As an independent consultant he supports several Swiss companies with the design of embedded and non-embedded object-oriented systems.

Since 1991, he has authored and taught seminars, tutorials and short presentations about C++, object-oriented technologies, software architecture, embedded design and distributed computing for major Swiss companies and at international conferences.

Chris Withers

Chris Withers has been one of the UK's leading Zope consultants over the last few years. Until September 2003 he worked for New Information Paradigms, before founding his own consultancy Simplistix. Chris is an active contributor to the Zope community and an authority on Unit Testing and Extreme Programming.

Russel Winder

I used to be a Theoretical Physicist but after getting my PhD in 1980, I recovered. My path into the real world was by becoming a UNIX systems programmer and I have been fascinated by operating systems ever since which I guess could be classified as an illness. However, academia, in the form of UCL Computer Science Department, pulled me back in, mostly so I could research into programming and programming languages with emphasis on object orientation, concurrency, parallelism and human factors. I spent some fun time teaching programming and software engineering, researching and climbing the academic ladder.

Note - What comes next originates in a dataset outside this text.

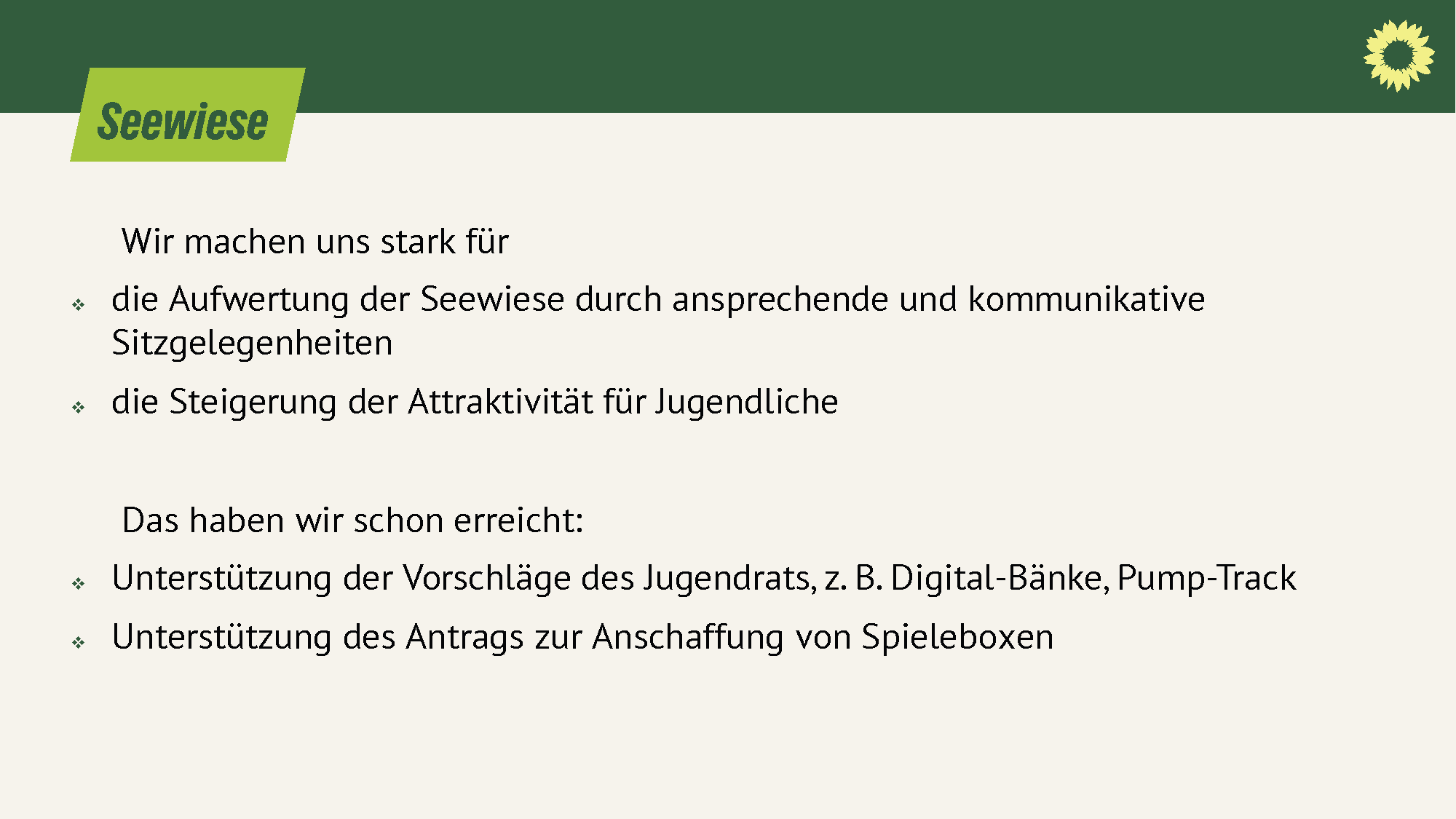 - die Aufwertung der Seewiese durch ansprechende und kommunikative Sitzgelegenheiten

I seemed to be headed towards a cushy life until retirement when an old friend approached me and said "Oi, you, why don't you take this really serious challenge" which led me leaving academia, becoming Chief Technology Officer at OneEighty Software Ltd and bringing the ORIGIN technology into the world. Unfortunately, one of the funders of the company got cold feet (or got nobbled by our competitors) and pulled the financial plug so the company went into liquidation.

I am now an independent consultant and technical author. Wiley's seem to have confidence in me as an author as they have published:

  • Developing C++ Software (two editions, 1991 & 1993)
  • Developing Java Software (with Graham Roberts: two editions, 1998 & 2000)

and will soon publish:

  • Developing Java Software, third edition (with Graham Roberts, 2006)
  • Developing Java Software Part 2 (with Graham Roberts, 2006)

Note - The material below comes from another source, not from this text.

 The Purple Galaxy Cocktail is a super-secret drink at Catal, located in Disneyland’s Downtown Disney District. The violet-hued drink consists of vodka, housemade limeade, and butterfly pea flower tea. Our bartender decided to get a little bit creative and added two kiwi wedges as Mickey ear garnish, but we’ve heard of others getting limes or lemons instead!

I am also writing books for Thompson Learning and O'Reilly.

Simon Willison

Simon Willison is one of Django's principal developers.

Thomas Witt

Being a mechanical engineer by training Thomas Witt has spent most of his professional work life designing and writing software for the railway industry. In 2004 he joint Zephyr Associates, Inc. as a senior software engineer where he is writing investment management software using C++.

Thomas has been a regular attendee at C++ standards committee meetings since 2002 and is currently representing Zephyr Associates. He is an active member of the Boost community and coauthor of the Boost Iterator Library.